## What is expected
Omit the pictures from the entries below and retype everything else exactly.

## Material for this task

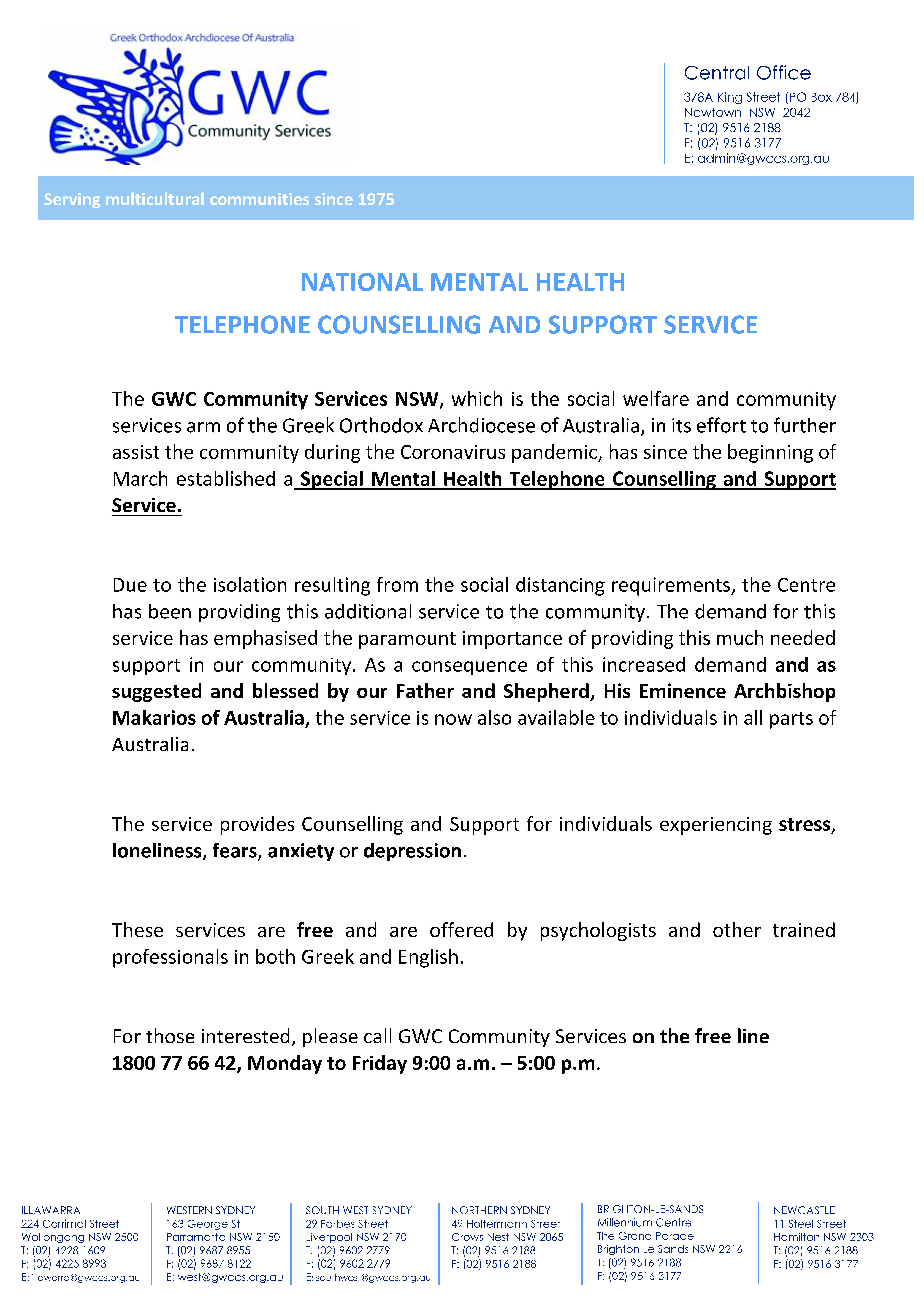 The GWC Community Services NSW established a Special Mental Health Telephone Counselling and Support Service.
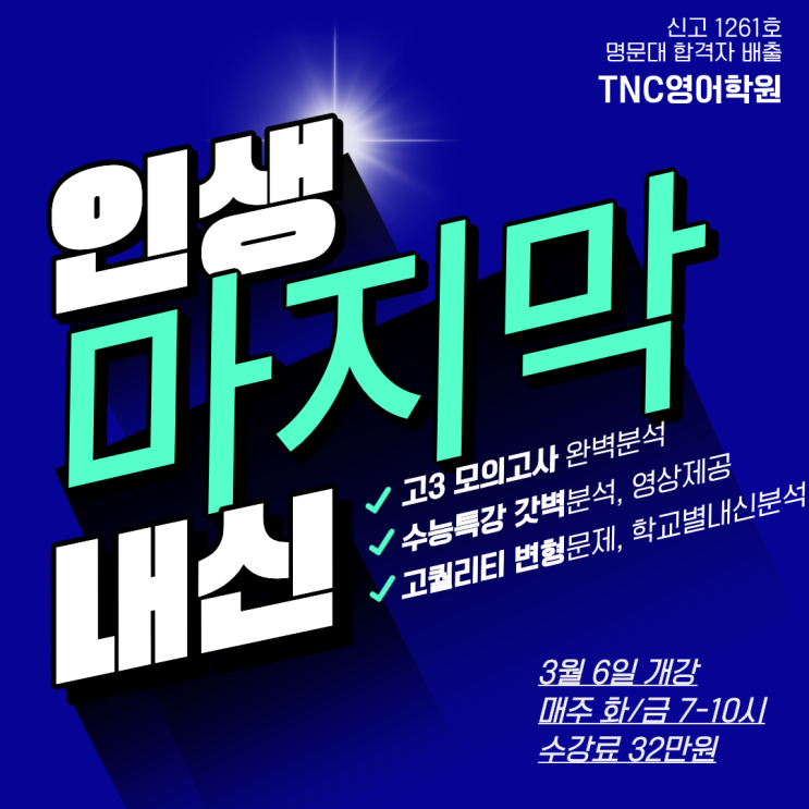 안녕하세요 테크노폴리스 내신대비 잘하는 TNC 영어학원입니다. 2026 본격 내신대비 시스템 안내드립니다. 3월 셋째 주부터 TNC 영어학원은 더욱 촘촘한 내신 대비 시스템으로 운영됩니다. 월·목 / 화·금에는 개별 과제 관리와 단원 테스트를 통해 학생별 약점을 정확히 점검합니다. 누적 오답을 바로잡고, 시험 직전까지 실력을 끌어올리는 구조입니다. 수요일과 토요일에는 학교·학년별 내신 진도반이 운영됩니다. 교과서 분석, 변형 문제, 서술형 대비까지 학교별 맞춤 수업으로 진행됩니다. 단순 문제 풀이가 아니라 시험에 나오는 포인트를 정확히 짚어내는 수업입니다. 고3은 화·금 오후 7–10시, 내신 대비와 모의고사 분석을 병행합니다....... <img src="https://blogthumb.pstatic.net/MjAyNjAyMjZfNTEg/MDAxNzcyMDQyNzQ4OTQx.gD3ZvThuF-IARJ_UlOEle_mj-bUzIi85T7_RMkqysKIg.UFBOJxB2O2w4LFEIsMYZzRmoPRbkV2wibxiuiK9upEwg.PNG/2026%B0%ED3%B3%BB%BD%C5.png?type=s3" />
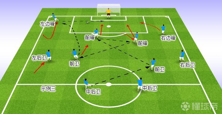 4)示例三:中后卫传球给右侧的中前卫,中前卫接球后迅速将球传给远端的前锋,远端前锋接球后一脚将球传给另一名前锋。另一名前锋接球后迅速将球回传给远端的另一名中前卫,中前卫接球后把球传给往底线跑动的左边锋,左边锋接球后迅速传中。
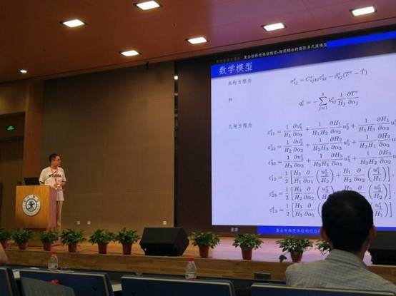 董灏博士与合作者完成的获奖论文首次针对复合材料板壳结构瞬态热-力耦合问题系统发展了一套理论可靠、计算有效的高阶多尺度模型及其多尺度算法,将传统直角坐标系下的多尺度理论拓展到更具一般性的正交曲线坐标系,所发展的高阶多尺度方法已被应用于电磁轨道炮复合材料身管结构瞬态热-力耦合问题的多尺度计算中,具有重要的科学意义和应用价值,论文发表在计算力学、计算数学领域顶级期刊《Computer Methods in Applied Mechanics and Engineering》。董灏博士作为获奖代表应邀做大会报告介绍了获奖论文的研究工作。
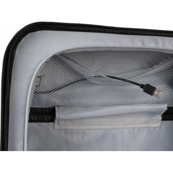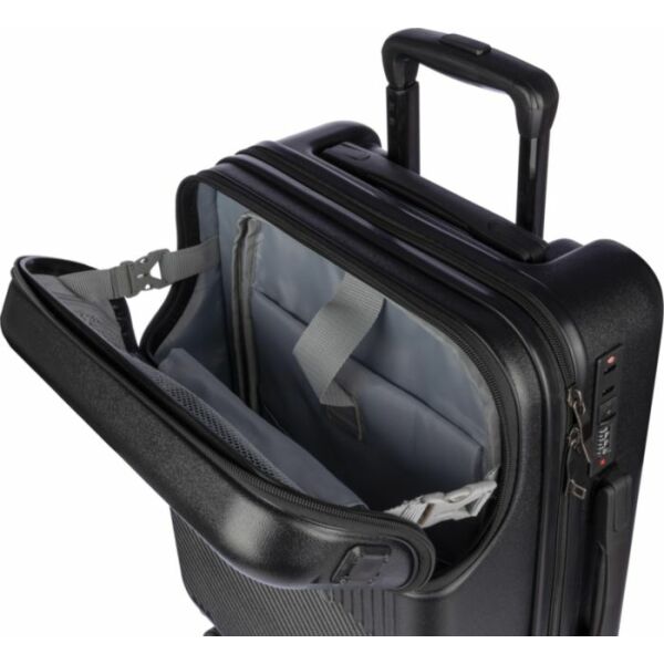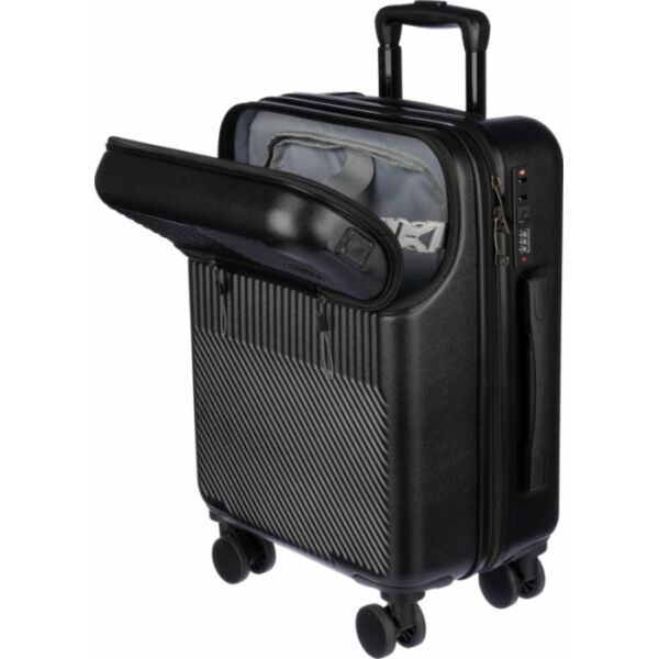ABS handbagagetrolley (20 inch) met voorvak met ritssluiting voor laptop, 8 wielen en een handvat met drie standen. Voorzien van cijferslot en apart plaatje voor lasergravure. Met USB-poort.

## Task result
 The GWC Community Services NSW established a Special Mental Health Telephone Counselling and Support Service.
 안녕하세요 테크노폴리스 내신대비 잘하는 TNC 영어학원입니다. 2026 본격 내신대비 시스템 안내드립니다. 3월 셋째 주부터 TNC 영어학원은 더욱 촘촘한 내신 대비 시스템으로 운영됩니다. 월·목 / 화·금에는 개별 과제 관리와 단원 테스트를 통해 학생별 약점을 정확히 점검합니다. 누적 오답을 바로잡고, 시험 직전까지 실력을 끌어올리는 구조입니다. 수요일과 토요일에는 학교·학년별 내신 진도반이 운영됩니다. 교과서 분석, 변형 문제, 서술형 대비까지 학교별 맞춤 수업으로 진행됩니다. 단순 문제 풀이가 아니라 시험에 나오는 포인트를 정확히 짚어내는 수업입니다. 고3은 화·금 오후 7–10시, 내신 대비와 모의고사 분석을 병행합니다....... <img src="https://blogthumb.pstatic.net/MjAyNjAyMjZfNTEg/MDAxNzcyMDQyNzQ4OTQx.gD3ZvThuF-IARJ_UlOEle_mj-bUzIi85T7_RMkqysKIg.UFBOJxB2O2w4LFEIsMYZzRmoPRbkV2wibxiuiK9upEwg.PNG/2026%B0%ED3%B3%BB%BD%C5.png?type=s3" />
 4)示例三:中后卫传球给右侧的中前卫,中前卫接球后迅速将球传给远端的前锋,远端前锋接球后一脚将球传给另一名前锋。另一名前锋接球后迅速将球回传给远端的另一名中前卫,中前卫接球后把球传给往底线跑动的左边锋,左边锋接球后迅速传中。
 董灏博士与合作者完成的获奖论文首次针对复合材料板壳结构瞬态热-力耦合问题系统发展了一套理论可靠、计算有效的高阶多尺度模型及其多尺度算法,将传统直角坐标系下的多尺度理论拓展到更具一般性的正交曲线坐标系,所发展的高阶多尺度方法已被应用于电磁轨道炮复合材料身管结构瞬态热-力耦合问题的多尺度计算中,具有重要的科学意义和应用价值,论文发表在计算力学、计算数学领域顶级期刊《Computer Methods in Applied Mechanics and Engineering》。董灏博士作为获奖代表应邀做大会报告介绍了获奖论文的研究工作。
ABS handbagagetrolley (20 inch) met voorvak met ritssluiting voor laptop, 8 wielen en een handvat met drie standen. Voorzien van cijferslot en apart plaatje voor lasergravure. Met USB-poort.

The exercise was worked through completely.